2.2 Configuring How Listings Run

Your schema must be configured to run each listing. The socialnet7 (default) schema has entries created for it already, but if you want to run the code on your own data you will need to enter your own configuration. Also if you want to change how the listings are run on socialnet7 this section will explain how to do it.

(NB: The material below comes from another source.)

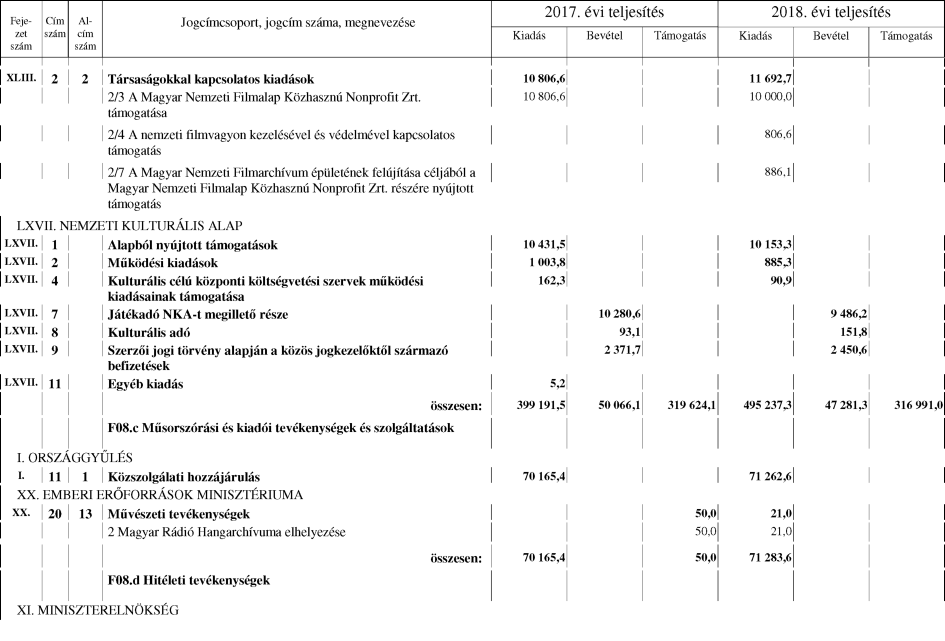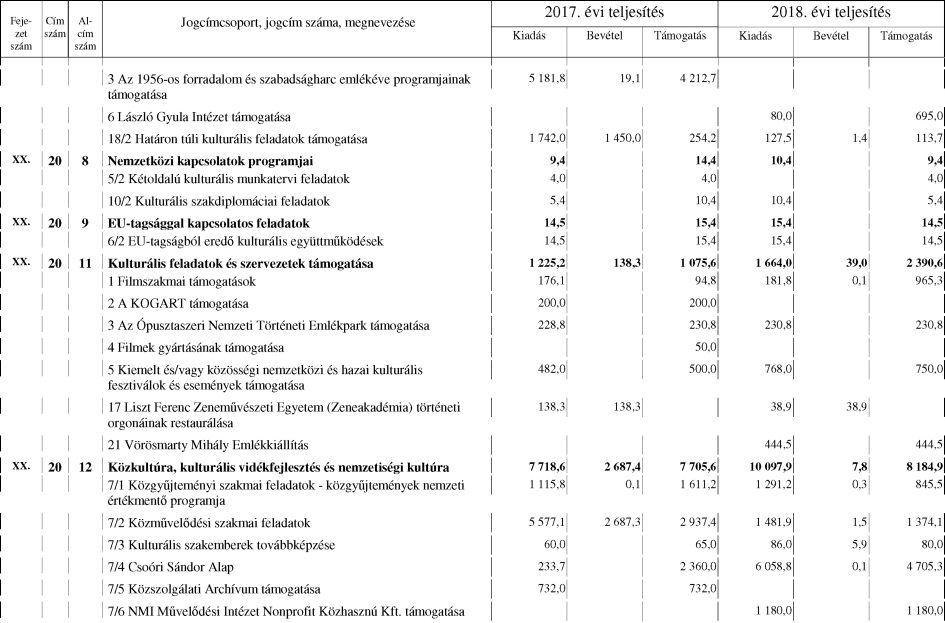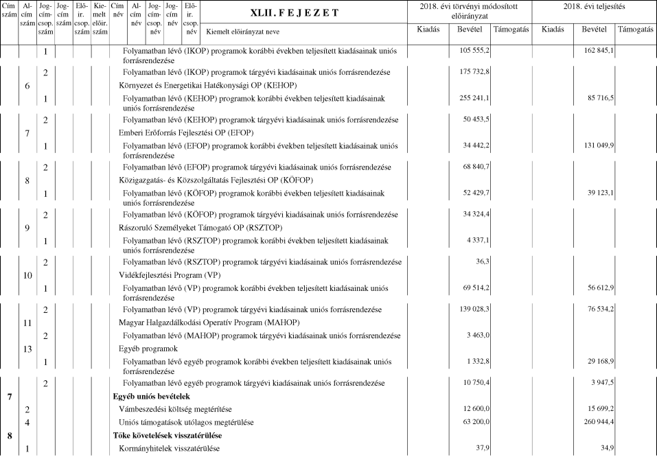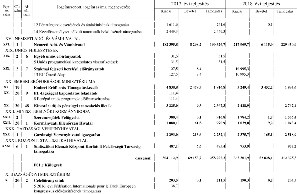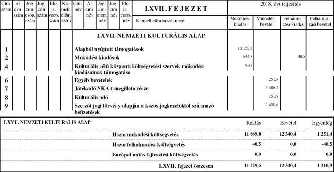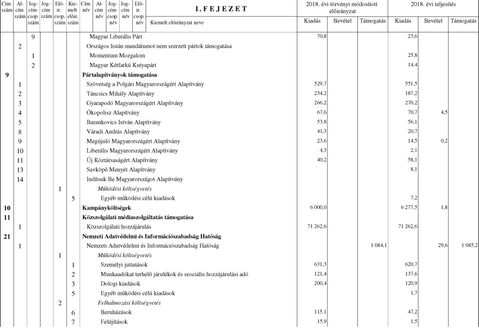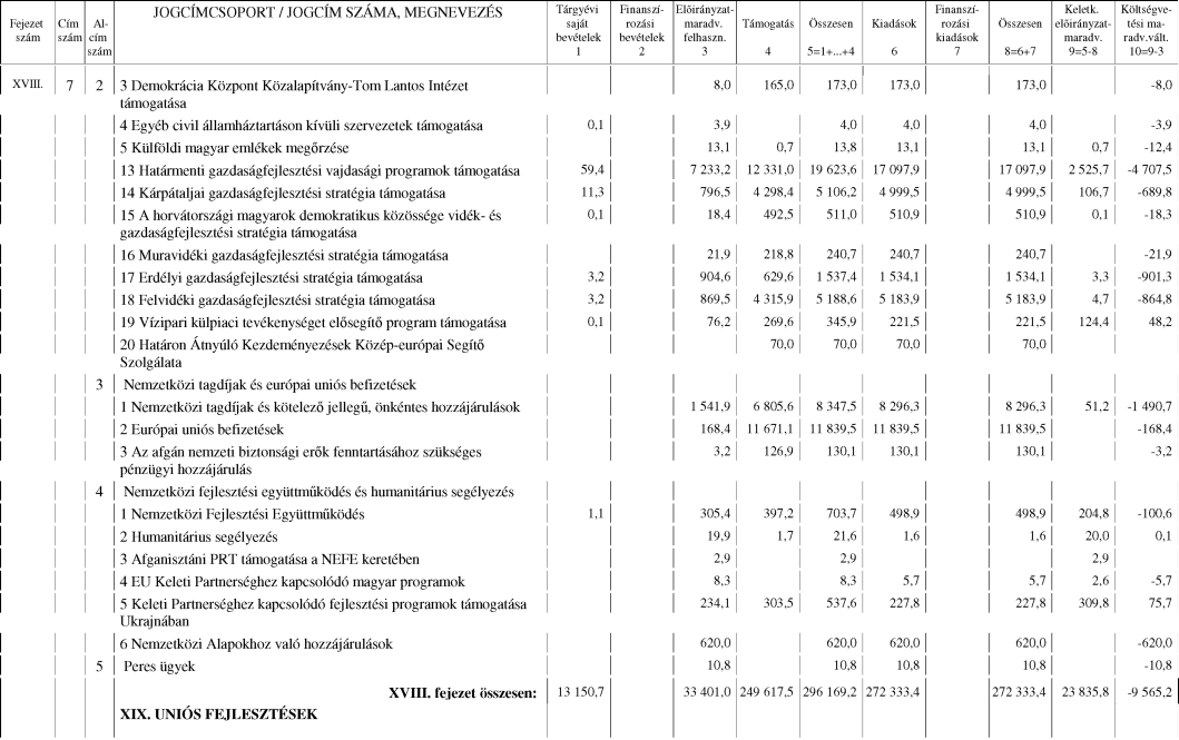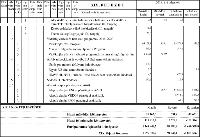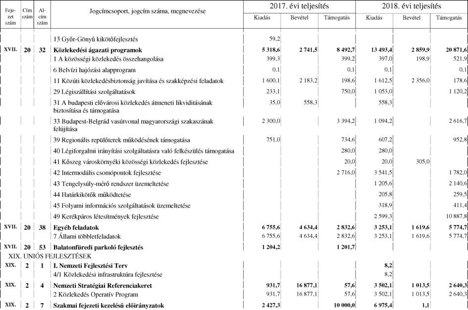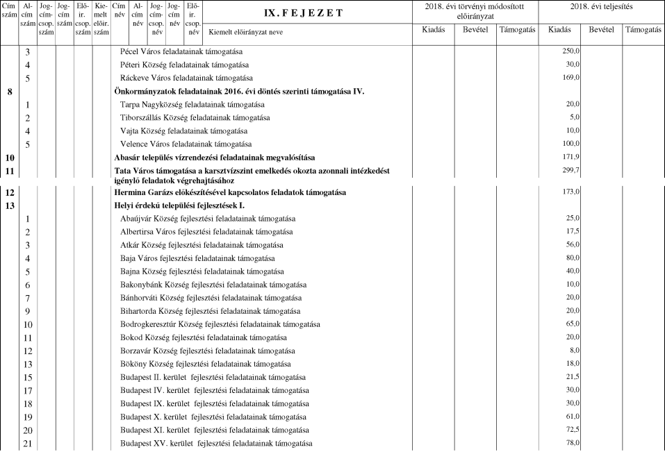 2019. évi ... törvény a Magyarország 2018. évi központi költségvetéséről szóló 2017. évi C. törvény végrehajtásáról
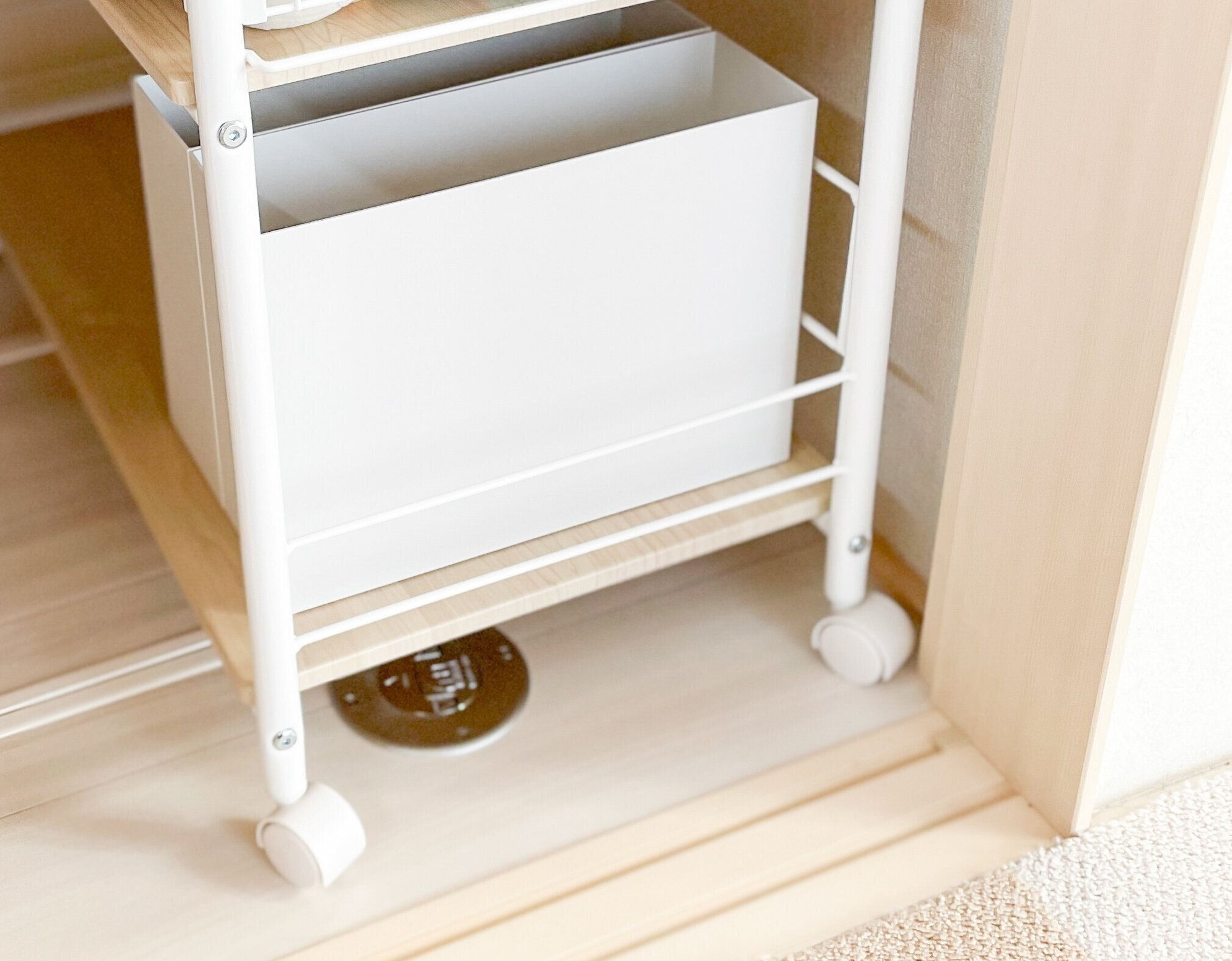 キャスター付きなので出し入れもスムーズです。3歳息子でも引っ張り出せます!押し入れや階段下など奥が深い収納に便利です。

The configuration files are all in folder listings/conf and each schema has a configuration file that must have a name that is <schema_name>_listings.json. So the configuration for the socialnet7 data set is in the file socialnet7_listings.json. The configuration his a JSON with the following structure:

The top level are keys for the chapters, "chap2", "chap3", etc.
The next level is a set of objects representing each listing in the chapter
- The key for each object is the listing name, beginning with "listing__"
- The values for each object are parameters that apply to running that listing.
  There are a few possible types of parameters.
  1. Variables which are substituted in SQL, or passed as values to python functions
  2. Control parameters (described more below)
There is a special object of chapter default parameters in each chapter, with the key params. The defaults for the chapter will automatically be applied to every listing - parameters specified in each listing are override the defaults.

As mentioned, there are two special control parameters which are are not parameters of the listing:

type : must be either sql or python and controls how the listing is executed
mode : controls how the result of the program is handled:
- mode=run : A SQL expected to return no results (like an insert)
- mode=one : A SQL expected to return one result, print it
- mode=top : A SQL expected to return many results, print the first 5 lines
- mode=save: A SQL expected to return many results, save the result in a csv file

Below is an example of the beginning of the listing configuration for the socialnet7 simulated data set:

	"chap2" : {
		"params" : {
			"%from_yyyy-mm-dd": "2019-03-01",
			"%to_yyyy-mm-dd": "2019-04-01",
			"mode" : "one",
			"type" : "sql"
		},
		"listing_2_1_net_retention" : {
		},
		"listing_2_2_churn_rate" : {
		},
		...

The following summarizes the configuration:

listing_2_1_net_retention and listing_2_2_churn_rate are enabled
Both listing will run with the parameters shown in the params section:
- The strings for start and from date and to date in the queries will be set as shown
- The listings are SQL
- The listings will print one result

(More to come on running Python listings when Chapter 5 is released...)

(top)

3 EXTRAS: Calculating Metrics with a Framework

**Note that the code described in this section is not part of the book, Fighting Churn With Data. It is an extra example of code that the author used in his case studies. **

The code described in this section is under the extras foder in the repository.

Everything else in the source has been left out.